A Philadelphia man named Alexander Tominsky has been eating rotisserie chicken for 40 days daily
Alexander Tominsky has been consuming one store-bought roast chicken regularly for the last six weeks. On the final day of the challenge, there was a huge crowd who joined to cheer him as Alexander finished his chicken.
Know Who Is Alexander Tominsky Of Philadelphia Who Ate Whole Rotisserie Chicken For 40 Straight Days
40 consecutive days eating an entire rotisserie chicken #chicken pic.twitter.com/a4AoNWDLTa
— smooth recess (@AlexiconTom) November 6, 2022
On the last day of his challenge of eating chicken, this man was crowded with hundreds of fans who had come to see Alexander Tominsky popularly known as the ‘chicken man’ during an extravaganza which is organized on Sunday 6th of November 2022.
Meet Alexander Tominsky
Tominsky who is a 31 years old man is a waiter at the local steakhouse Barclay Prime. He had begun the bizarre food challenge on the 28th of September. He was sharing daily updates with his social media fans who were intrigued by his eating habits and challenge. On the final day of his challenge, Philadelphia folks joined to cheer him when he completed his chicken at an abandoned pier beside the Delaware River.

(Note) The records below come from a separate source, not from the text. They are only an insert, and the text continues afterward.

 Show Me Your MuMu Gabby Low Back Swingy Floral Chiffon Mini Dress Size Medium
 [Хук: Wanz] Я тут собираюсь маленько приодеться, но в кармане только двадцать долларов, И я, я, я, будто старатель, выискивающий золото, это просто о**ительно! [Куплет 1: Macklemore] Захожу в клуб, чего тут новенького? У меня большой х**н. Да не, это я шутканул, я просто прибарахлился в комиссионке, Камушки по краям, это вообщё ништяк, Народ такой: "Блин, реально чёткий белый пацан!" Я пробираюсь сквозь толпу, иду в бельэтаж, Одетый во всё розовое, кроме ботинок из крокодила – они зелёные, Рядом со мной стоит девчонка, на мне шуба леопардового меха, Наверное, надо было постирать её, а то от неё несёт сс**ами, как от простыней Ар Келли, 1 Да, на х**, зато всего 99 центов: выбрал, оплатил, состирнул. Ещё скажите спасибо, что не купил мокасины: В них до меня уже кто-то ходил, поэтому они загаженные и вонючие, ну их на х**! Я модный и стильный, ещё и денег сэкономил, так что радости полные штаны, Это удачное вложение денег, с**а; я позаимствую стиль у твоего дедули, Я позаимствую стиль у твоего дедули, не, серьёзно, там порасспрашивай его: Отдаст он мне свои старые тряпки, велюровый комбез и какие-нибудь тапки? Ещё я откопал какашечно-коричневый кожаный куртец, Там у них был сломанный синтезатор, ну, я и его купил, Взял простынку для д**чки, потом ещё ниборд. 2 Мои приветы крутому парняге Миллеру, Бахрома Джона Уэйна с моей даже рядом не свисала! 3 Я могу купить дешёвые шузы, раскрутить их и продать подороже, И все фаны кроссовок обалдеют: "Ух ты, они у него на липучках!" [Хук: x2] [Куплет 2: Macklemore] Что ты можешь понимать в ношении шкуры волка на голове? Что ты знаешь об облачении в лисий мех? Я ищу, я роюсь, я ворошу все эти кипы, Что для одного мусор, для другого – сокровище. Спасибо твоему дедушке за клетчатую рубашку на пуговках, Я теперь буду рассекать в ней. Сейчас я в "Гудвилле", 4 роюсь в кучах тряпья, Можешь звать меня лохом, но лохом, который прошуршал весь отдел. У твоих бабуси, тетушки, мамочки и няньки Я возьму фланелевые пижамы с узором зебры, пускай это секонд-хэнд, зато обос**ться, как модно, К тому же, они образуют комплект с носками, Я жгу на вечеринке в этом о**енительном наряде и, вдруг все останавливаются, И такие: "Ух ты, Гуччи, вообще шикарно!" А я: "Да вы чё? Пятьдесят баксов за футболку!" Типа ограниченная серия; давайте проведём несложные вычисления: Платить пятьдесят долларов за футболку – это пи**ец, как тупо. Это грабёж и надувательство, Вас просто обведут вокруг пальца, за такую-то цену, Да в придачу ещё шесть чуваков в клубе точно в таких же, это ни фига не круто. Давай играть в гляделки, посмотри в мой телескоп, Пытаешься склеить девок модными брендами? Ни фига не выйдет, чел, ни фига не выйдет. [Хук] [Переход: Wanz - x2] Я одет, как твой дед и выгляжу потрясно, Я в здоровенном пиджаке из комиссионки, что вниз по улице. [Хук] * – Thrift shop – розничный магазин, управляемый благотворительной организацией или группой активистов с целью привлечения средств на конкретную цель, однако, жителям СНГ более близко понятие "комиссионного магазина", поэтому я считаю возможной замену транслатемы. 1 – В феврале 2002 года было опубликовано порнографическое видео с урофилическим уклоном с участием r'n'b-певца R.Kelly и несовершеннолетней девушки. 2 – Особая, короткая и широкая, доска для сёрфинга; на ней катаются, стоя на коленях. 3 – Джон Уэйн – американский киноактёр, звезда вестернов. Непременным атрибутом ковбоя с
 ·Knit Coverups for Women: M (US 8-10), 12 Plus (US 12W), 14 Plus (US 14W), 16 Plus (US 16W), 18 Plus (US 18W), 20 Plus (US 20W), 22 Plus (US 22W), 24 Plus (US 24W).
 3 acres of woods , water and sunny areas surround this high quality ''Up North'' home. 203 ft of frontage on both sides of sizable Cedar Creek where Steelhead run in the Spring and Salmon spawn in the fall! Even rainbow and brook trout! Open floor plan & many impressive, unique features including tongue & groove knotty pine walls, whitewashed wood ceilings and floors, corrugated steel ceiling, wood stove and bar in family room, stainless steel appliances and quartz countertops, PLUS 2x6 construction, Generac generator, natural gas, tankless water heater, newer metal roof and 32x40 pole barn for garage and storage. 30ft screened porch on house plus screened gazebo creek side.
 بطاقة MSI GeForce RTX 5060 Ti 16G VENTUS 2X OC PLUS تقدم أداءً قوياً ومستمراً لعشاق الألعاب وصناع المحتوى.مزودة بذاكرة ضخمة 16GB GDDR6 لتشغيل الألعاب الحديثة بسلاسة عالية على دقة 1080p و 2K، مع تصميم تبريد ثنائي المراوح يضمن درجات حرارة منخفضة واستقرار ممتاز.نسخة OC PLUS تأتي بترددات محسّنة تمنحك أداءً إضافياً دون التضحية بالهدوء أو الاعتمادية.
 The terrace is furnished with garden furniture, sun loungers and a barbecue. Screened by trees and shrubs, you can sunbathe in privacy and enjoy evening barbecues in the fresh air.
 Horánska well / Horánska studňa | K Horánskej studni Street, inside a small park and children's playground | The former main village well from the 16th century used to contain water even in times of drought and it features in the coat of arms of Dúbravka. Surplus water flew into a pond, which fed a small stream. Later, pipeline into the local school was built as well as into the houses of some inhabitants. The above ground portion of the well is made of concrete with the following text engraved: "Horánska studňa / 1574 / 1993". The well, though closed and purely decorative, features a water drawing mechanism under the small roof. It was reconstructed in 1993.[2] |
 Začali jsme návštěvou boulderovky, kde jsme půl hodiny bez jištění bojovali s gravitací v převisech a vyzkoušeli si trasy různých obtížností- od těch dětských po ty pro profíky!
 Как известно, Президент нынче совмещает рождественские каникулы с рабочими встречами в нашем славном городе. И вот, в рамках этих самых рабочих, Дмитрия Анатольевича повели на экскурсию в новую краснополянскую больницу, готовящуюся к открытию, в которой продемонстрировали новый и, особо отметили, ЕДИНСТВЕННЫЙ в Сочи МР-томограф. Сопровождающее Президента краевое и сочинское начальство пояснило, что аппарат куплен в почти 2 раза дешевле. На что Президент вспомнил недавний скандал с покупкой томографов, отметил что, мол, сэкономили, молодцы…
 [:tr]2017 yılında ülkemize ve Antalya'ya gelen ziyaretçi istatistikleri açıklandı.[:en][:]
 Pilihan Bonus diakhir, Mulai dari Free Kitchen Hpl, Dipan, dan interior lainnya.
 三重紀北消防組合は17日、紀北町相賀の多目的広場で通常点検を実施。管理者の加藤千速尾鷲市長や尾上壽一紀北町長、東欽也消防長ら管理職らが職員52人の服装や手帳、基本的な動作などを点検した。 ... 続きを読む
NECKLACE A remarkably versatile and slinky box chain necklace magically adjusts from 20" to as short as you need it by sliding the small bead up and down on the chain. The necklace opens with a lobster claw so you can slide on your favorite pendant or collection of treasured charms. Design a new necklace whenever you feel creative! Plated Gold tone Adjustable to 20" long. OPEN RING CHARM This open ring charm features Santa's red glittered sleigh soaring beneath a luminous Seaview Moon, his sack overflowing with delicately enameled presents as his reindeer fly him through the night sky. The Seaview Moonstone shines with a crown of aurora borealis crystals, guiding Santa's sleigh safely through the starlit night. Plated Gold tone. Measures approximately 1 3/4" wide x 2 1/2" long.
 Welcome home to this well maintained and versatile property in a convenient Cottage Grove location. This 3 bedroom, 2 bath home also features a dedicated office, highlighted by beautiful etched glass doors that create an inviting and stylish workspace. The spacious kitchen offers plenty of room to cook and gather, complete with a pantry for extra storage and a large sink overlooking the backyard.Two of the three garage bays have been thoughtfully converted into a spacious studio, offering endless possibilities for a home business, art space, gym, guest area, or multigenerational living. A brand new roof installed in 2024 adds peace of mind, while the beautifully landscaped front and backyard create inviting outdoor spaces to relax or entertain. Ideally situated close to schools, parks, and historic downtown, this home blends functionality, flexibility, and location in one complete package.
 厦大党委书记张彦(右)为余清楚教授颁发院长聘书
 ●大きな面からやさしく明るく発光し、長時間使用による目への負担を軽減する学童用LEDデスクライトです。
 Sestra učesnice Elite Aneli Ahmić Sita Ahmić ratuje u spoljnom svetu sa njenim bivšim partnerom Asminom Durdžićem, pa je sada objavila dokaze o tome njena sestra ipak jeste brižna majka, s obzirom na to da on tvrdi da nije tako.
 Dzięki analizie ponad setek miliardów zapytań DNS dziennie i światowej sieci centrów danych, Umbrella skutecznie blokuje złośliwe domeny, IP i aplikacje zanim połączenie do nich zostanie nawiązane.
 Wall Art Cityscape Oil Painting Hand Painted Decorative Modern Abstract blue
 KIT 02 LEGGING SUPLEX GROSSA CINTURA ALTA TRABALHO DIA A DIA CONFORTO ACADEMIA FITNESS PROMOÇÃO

Alexander Tominsky has been eating one store-bought roast chicken daily for the last month. Over weeks people could also see him growing tired of this challenge and was literally regretting his decision but he does not give up and continuously tried very hard to fulfill his promise. Alexander Tominsky declared to his fans that the food event was not a party and will be held at sharp 12 pm. All the Footage from the event shows Alexander Tominsky eating the crowning chicken without any seasoning or sides but few seltzers to wash it down.
The challenge lasted for 40 and after that Alexander happily showed off the last morsel to the massive crowd who continued to cheer him and call him “Chicken man.”
The venue Alexander Tominsky was referring to was one particular jetty along the Delaware River in South Philadelphia near one of the superstores situated at Christopher Columbus Blvd. When it was asked why the assertion this “is not a party,” modest Tominsky responded, “I’m not trying to make this- it’s just me eating chicken, really.”